**Task**
Would you reproduce each of the records below precisely, with the pictures left out?

** Opening Extracted entries block **

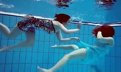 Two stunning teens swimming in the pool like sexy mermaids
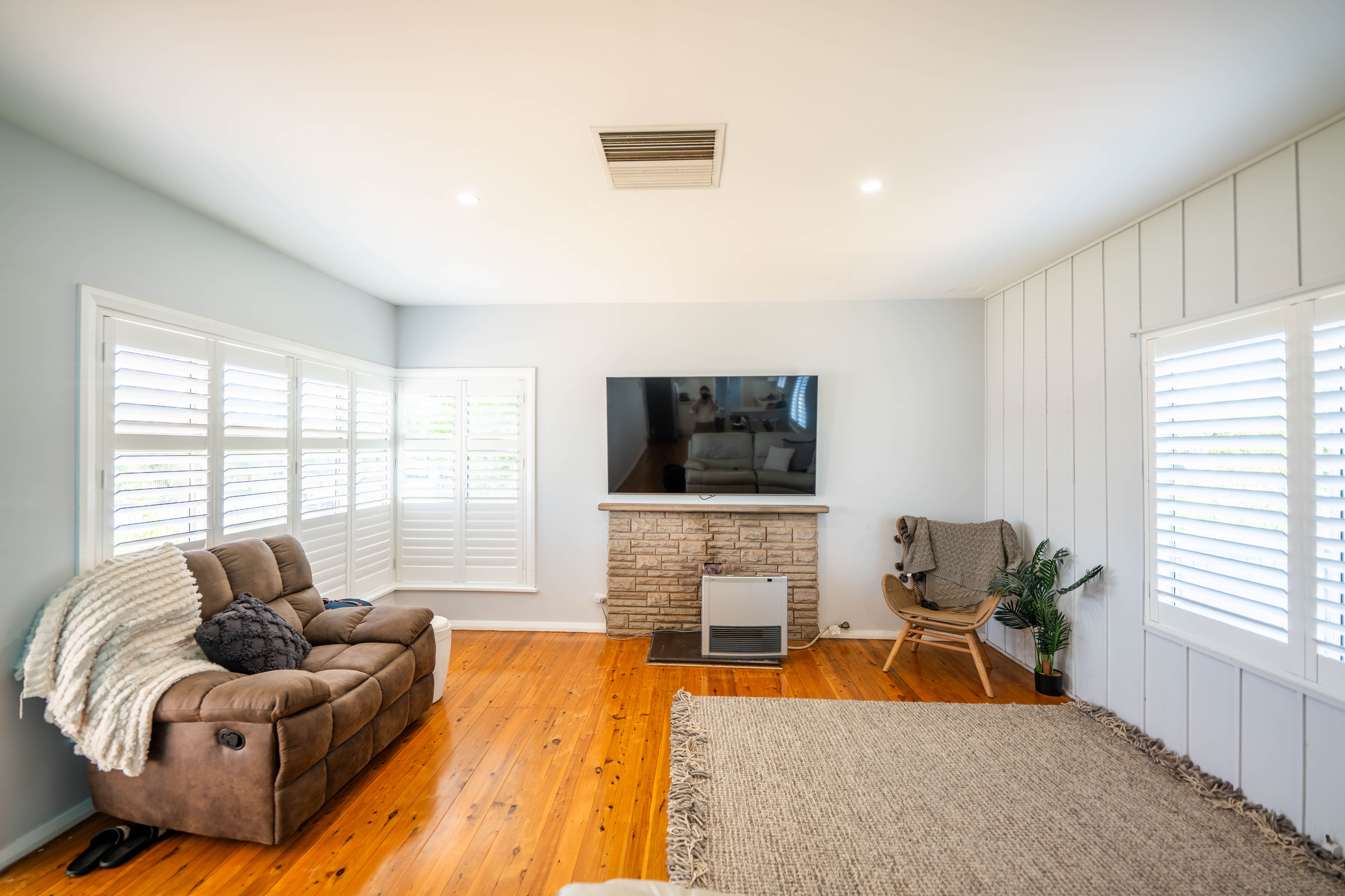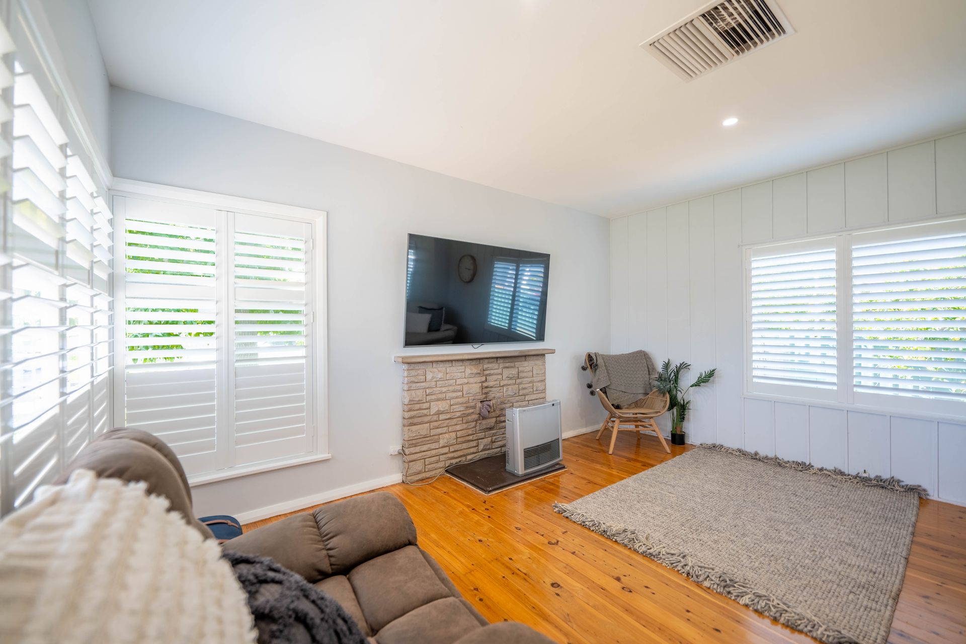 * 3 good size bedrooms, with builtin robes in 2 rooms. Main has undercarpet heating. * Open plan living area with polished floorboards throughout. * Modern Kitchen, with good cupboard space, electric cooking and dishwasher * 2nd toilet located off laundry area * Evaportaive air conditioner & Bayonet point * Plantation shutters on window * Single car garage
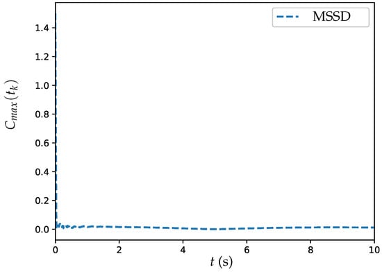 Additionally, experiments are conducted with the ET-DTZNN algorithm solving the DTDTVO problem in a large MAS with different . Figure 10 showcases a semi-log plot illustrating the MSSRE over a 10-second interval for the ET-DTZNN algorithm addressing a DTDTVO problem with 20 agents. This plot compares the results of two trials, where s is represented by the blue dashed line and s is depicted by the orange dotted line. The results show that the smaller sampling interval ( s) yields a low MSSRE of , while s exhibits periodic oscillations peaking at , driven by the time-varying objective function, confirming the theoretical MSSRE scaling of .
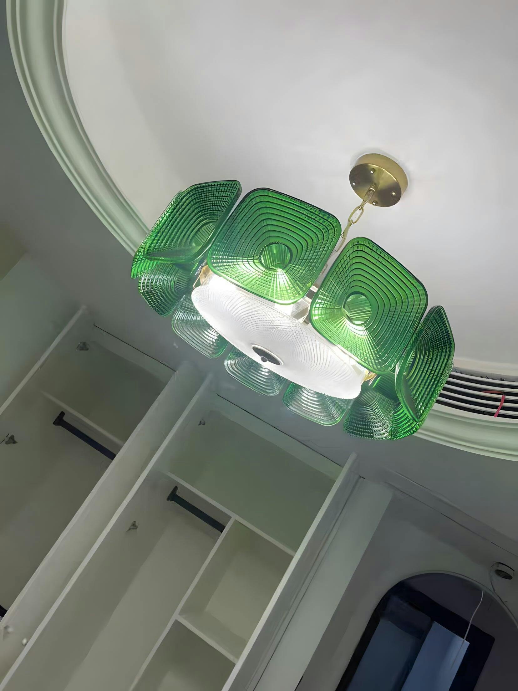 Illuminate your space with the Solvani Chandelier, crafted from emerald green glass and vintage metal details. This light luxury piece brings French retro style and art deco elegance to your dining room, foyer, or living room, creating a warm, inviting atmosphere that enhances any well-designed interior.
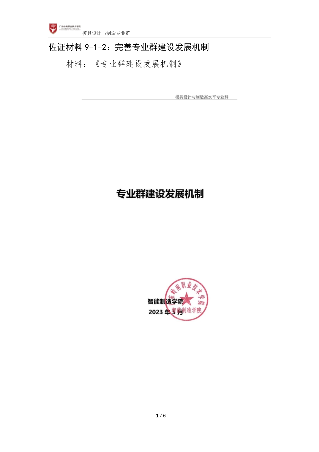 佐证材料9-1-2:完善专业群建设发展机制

** Closing Extracted entries block **

**Answer below**
 Two stunning teens swimming in the pool like sexy mermaids
 * 3 good size bedrooms, with builtin robes in 2 rooms. Main has undercarpet heating. * Open plan living area with polished floorboards throughout. * Modern Kitchen, with good cupboard space, electric cooking and dishwasher * 2nd toilet located off laundry area * Evaportaive air conditioner & Bayonet point * Plantation shutters on window * Single car garage
 Additionally, experiments are conducted with the ET-DTZNN algorithm solving the DTDTVO problem in a large MAS with different . Figure 10 showcases a semi-log plot illustrating the MSSRE over a 10-second interval for the ET-DTZNN algorithm addressing a DTDTVO problem with 20 agents. This plot compares the results of two trials, where s is represented by the blue dashed line and s is depicted by the orange dotted line. The results show that the smaller sampling interval ( s) yields a low MSSRE of , while s exhibits periodic oscillations peaking at , driven by the time-varying objective function, confirming the theoretical MSSRE scaling of .
 Illuminate your space with the Solvani Chandelier, crafted from emerald green glass and vintage metal details. This light luxury piece brings French retro style and art deco elegance to your dining room, foyer, or living room, creating a warm, inviting atmosphere that enhances any well-designed interior.
 佐证材料9-1-2:完善专业群建设发展机制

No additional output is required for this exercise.